После американцев наступает черед Японии: автор письма сообщает, что только что вернулся оттуда, и сожалеет, что не имел возможности лично доложить государю о результатах своих наблюдений, сделанных в этой стране, и о готовности ее к войне с Россией. «Теперь, — пишет он, — когда „свершилось“ и флот наш так жестоко пострадал, горько думать, что сухопутные силы могут подвергнуться той же участи». Он обеспокоен, как бы не прозевать весьма вероятное блокирование японцами Дальневосточной железной дороги, их нападение превосходящими силами на русские войска, расположенные по реке Ялу, и осаду Порт-Артура: «…заряд искусственного газа в них еще силен и не выдохся». Чтобы этого не случилось, художник советует: «Прикажите, Ваше величество, чтобы полумиллионная армия, под командованием многоопытного сподвижника и вдохновителя покойного Скобелева генерала Куропаткина, двинулась против врага, о силе и полной подготовленности которого я говорил, возвратившись из той страны». Он уверен, что даже просто известие об этом успокоит всех друзей России и устрашит ее врагов. Верещагин считает нужным подчеркнуть важнейший политический момент военной схватки с Японией: «Не сломить, не победить Японию или победить ее наполовину — нельзя из опасения потерять наш престиж в Азии». Он недоумевает, почему после вероломной атаки японцев на наши корабли в районе Порт-Артура не были подобным же образом взорваны несколько японских военных кораблей, не были сожжены Йокогама и другие японские порты, что могло бы вызвать в неприятельском стане панику и привело бы японцев к «смирению». Письмо завершается последним советом: «Покажите, Ваше величество, американцам, что легко потерять дружбу России, как они с легким сердцем сделали, но воротить ее будет трудно»[574]. В этих словах — намек на неправильное поведение «личного друга» художника, президента США Теодора Рузвельта, вставшего в российско-японском военном конфликте на сторону Японии.

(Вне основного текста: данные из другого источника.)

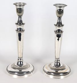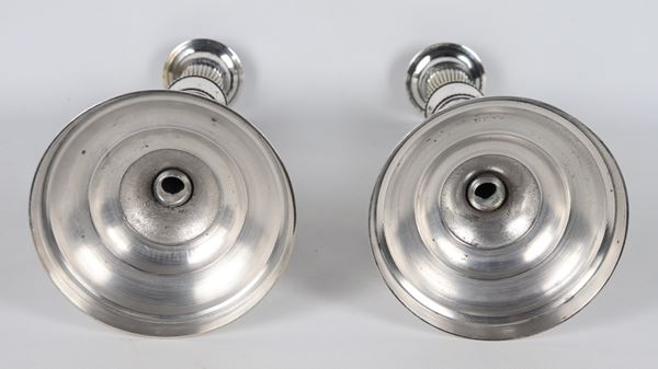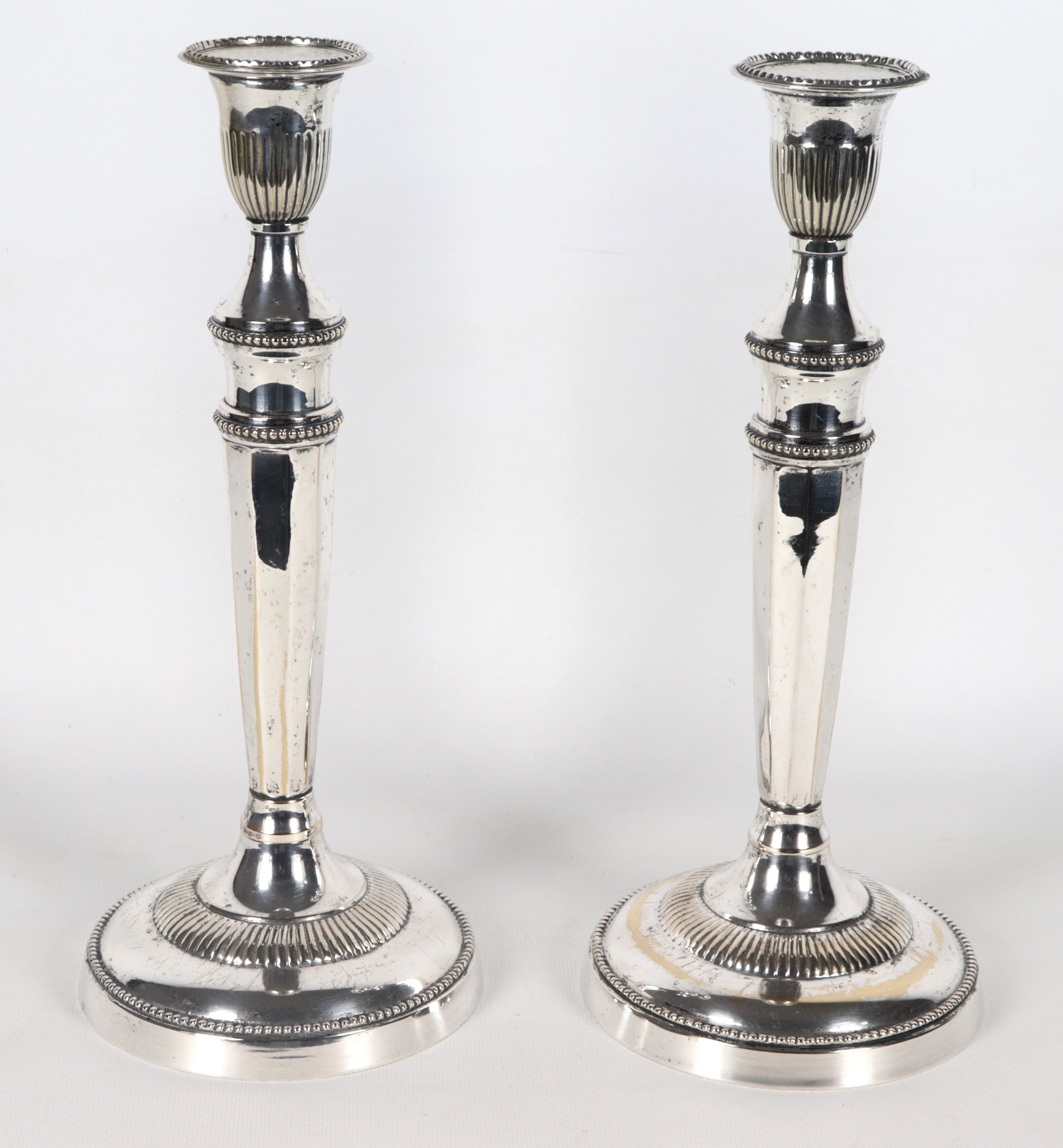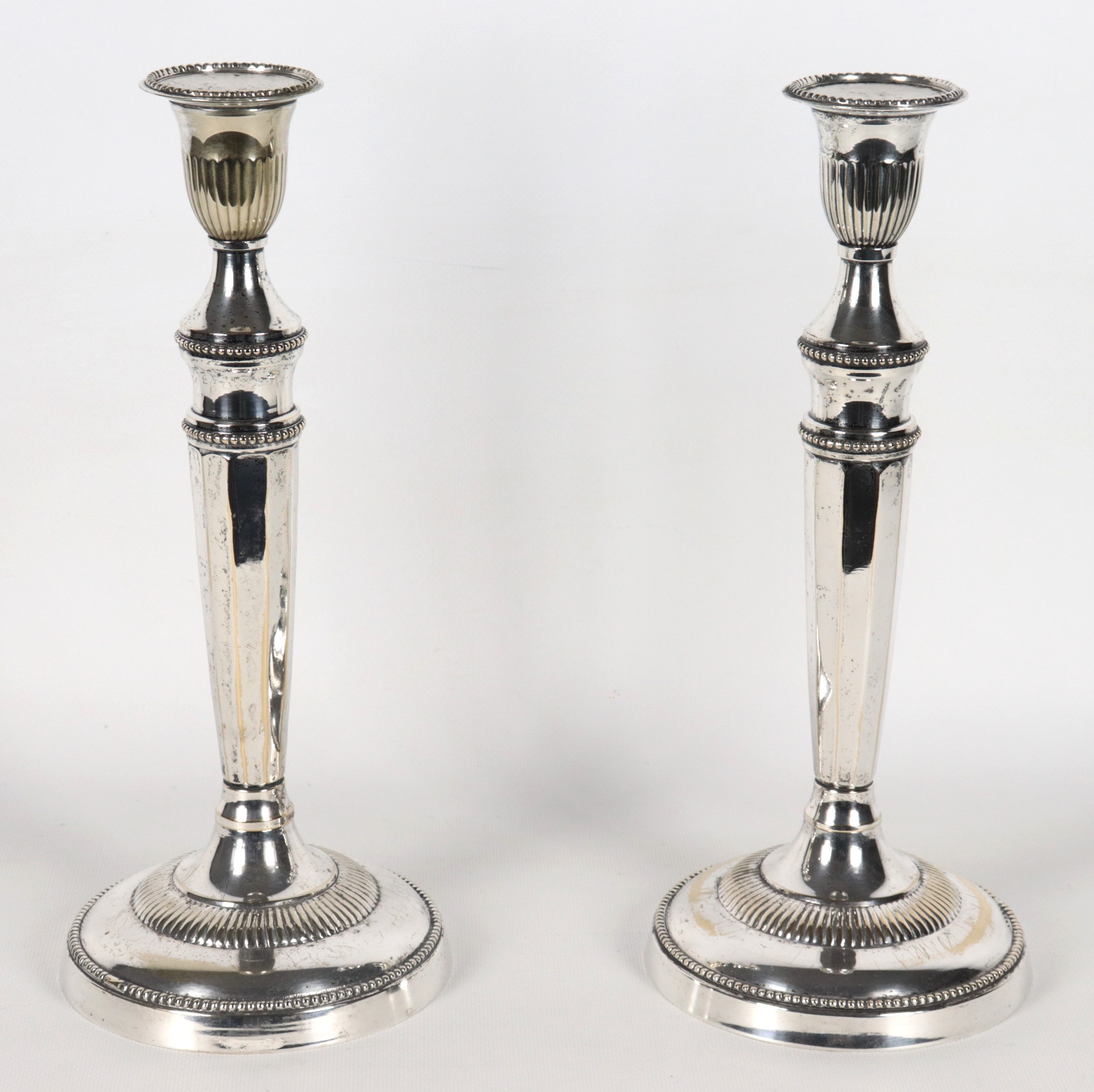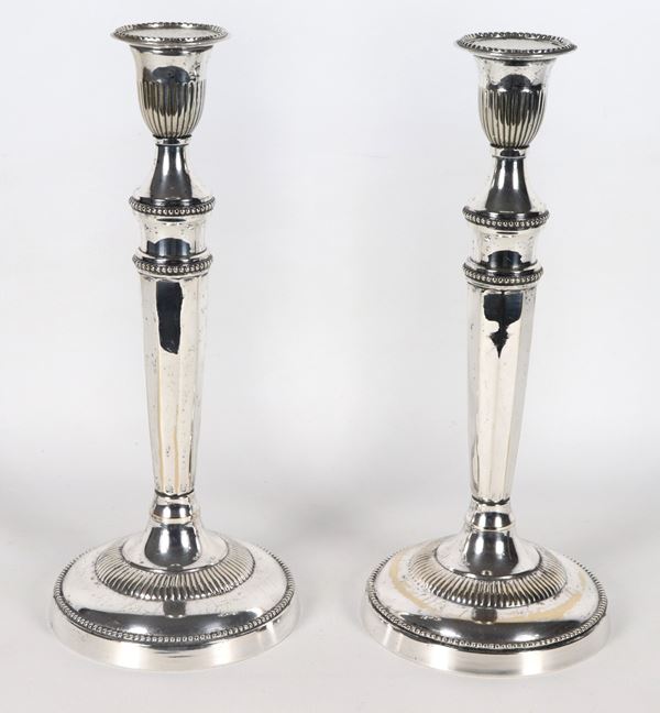 Pair of antique silver-plated candlesticks, chiseled and embossed with Louis XVI motifs

Широта охвата проблем в этом письме, безусловно, впечатляет, как и некоторая наивность автора, полагавшего, судя по его встревоженному тону, что император готов воевать на два фронта — и против Японии, и против англичан в Индии. Пытаясь давать советы царю — что следует делать в критический для страны момент, — автор письма как бы ставит под сомнение дееспособность власти: военного министерства, аппарата посольств, Генерального штаба. Но, пожалуй, главное в письме — желание выразить личную обеспокоенность неблагоприятным развитием событий и тем самым напомнить о себе.
Едва ли это письмо было прочитано Николаем II. Даже если император и видел его, то вряд ли оно оказало хоть малое воздействие: он привык следовать советам других людей. Но некоторое совпадение выраженных в послании Верещагина советов с последовавшими конкретными административными действиями всё же прослеживается. 13 февраля издание «Новости и биржевая газета» сообщило читателям, что накануне, 12-го, в здании военного министерства происходило прощание с сотрудниками их бывшего шефа, министра, генерал-адъютанта А. Н. Куропаткина, назначенного командующим Маньчжурской армией. Не исключено, однако, что назначение Куропаткина командующим армией не произошло бы без проявленной с его стороны инициативы. Именно в этом направлении его подталкивал в письме от 25 января, еще до начала войны, Верещагин. Он писал:
«Многоуважаемый Алексей Николаевич!
Барклай-де-Толли, истинный спаситель России, в годину 1812 года был, будучи военным министром, командирован начальствовать армией. Почему и Вам не предложить государю ту же меру относительно Вас?
Без лести говорю Вам, что не знаю никого, кто мог бы лучше Вас разделаться с забывшими меру в своих притязаниях японцами, которых удовлетворить нельзя. Замиряясь сегодня, они полезут всё равно завтра. Пожалуйста, устройте мое пребывание при Главной квартире Вашей ли или другого генерала, если дело дойдет до драки… На всякий случай я предлагаю честное слово не писать и не печатать ничего о военных действиях…»[575]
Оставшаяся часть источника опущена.